Masalahnya bukan boleh atau tidak boleh, tapi sikap meminta-minta itu tidak cocok dengan hukum karma yang anda yakini. Kuliah itu yah bisa bikin lulus bisa tidak. Kuliah itu tidak ada gunanya. Yah itu adalah hal yang tidak sesuai dengan hukum karma. Oleh karena itu sebagai penutup tidak benar kalau ada kubu yang mengatakan: oh umat Buddha itu benci sama tradisi, tidak boleh tabur bunga, masuk klenteng, dan lain sebagainya. Siapa yang melarang? Jadi kalau kita menghormat dewa boleh bhante? Boleh. Kalau anda mau menghormat, hormatlah dengan tahu siapa yang dihormat. Menghormat orang tua kita, orang lain saja boleh menghormat. Tapi persoalannya sikap meminta-minta itu yang tidak ada gunanya. Bukan persoalan hormatnya. Asevanã ca bãlãnam – jangan bergaul dengan orang-orang dungu, itu sudah merupakan suatu berkah. Apalagi panditãnañcã sevanã bergaul dengan para bijaksana, itu juga merupakan berkah. Pãjã ca pãjaniyãnam – menghormat yang patut dihormat. Kesemua itu adalah berkah utama. Kalau saudara menghormat namun saudara tidak mengerti, berarti tidak ada kearifan dari penghormatan saudara.
Karena saudara memiliki keyakinan bahwa terdapat sesuatu sebab, ada suatu kondisi, maka kewajiban kita bukanlah meminta melainkan menjaga, membuat sebab-sebab atau kondisi-kondisi itu sehingga keinginan kita tercapai. Contoh yang mudah: bila anda pusing, ada fenomena pusing dan itu ada sebabnya.
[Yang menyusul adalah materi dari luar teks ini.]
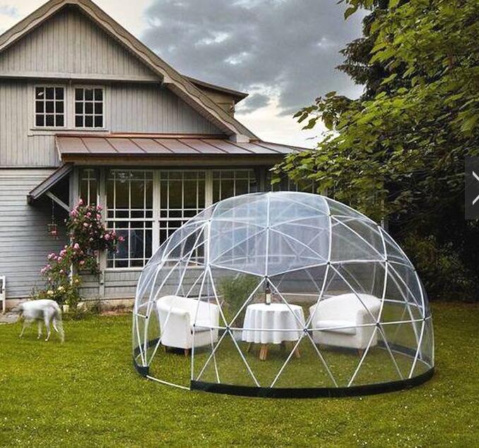 这种篷房,标准配置是由一个穹顶骨架、一个透明pvc膜组成。金属三角框架的超强稳定性,形成全面的穹顶遮盖。占地面积仅有10㎡,但却能拥有360度的完美视野。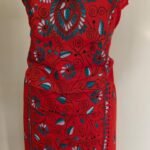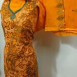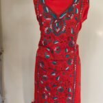 Cotton Kantha Stitch Long Kurti Material – Orange Floral Vine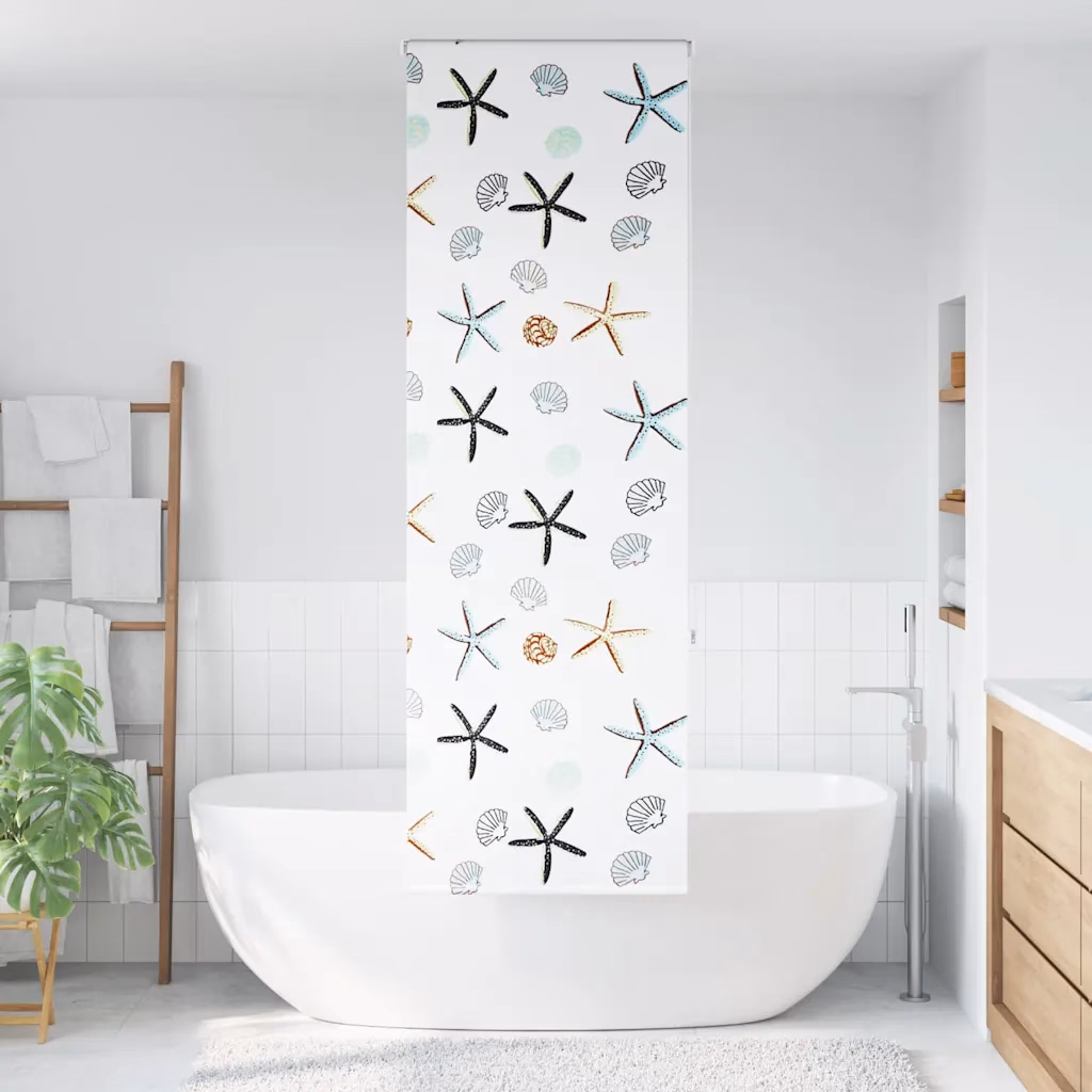 See veekindel duširuloo mõõtmetega 60 x 240 cm aitab hoida vannitoa kuiva ja korrastatuna, pakkudes samal ajal vajalikku privaatsust. PEVA-materjalist</strong mereteemalise mustriga kangas kaitseb ümbritsevaid pindu veepritsmete eest ning kerge ülesrullitav mehhanism hoiab ruloo kompaktselt koos, kui seda ei kasutata.

Kewajiban kita bukan menghilangkan pusing itu. Kewajiban kita adalah menetralisir sebab-sebabnya sehingga pusingnya hilang. Dengan wisdom kita menyadari bahwa pusing ada sebabnya, sesuatu apakah karena ada pikiran, kurang tidur, kecapekan, maka barulah rasa pusing bisa diatasi. Saudara tidak cukup hanya ingin, ingin, dan ingin saja. Ingin ilmu, ingin kepandaian, semuanya itu tidak mungkin langsung ada. Kewajiban kita adalah melenyapkan kondisi, memelihara kondisi. Itu adalah WISDOME
Saya akan mengakhiri uraian ini dengan harapan semoga apa yang saya uraikan dapat menambah wawasan bagi saudara sekalian. Semoga mereka yang mempunyai pandangan yang salah bisa diluruskan.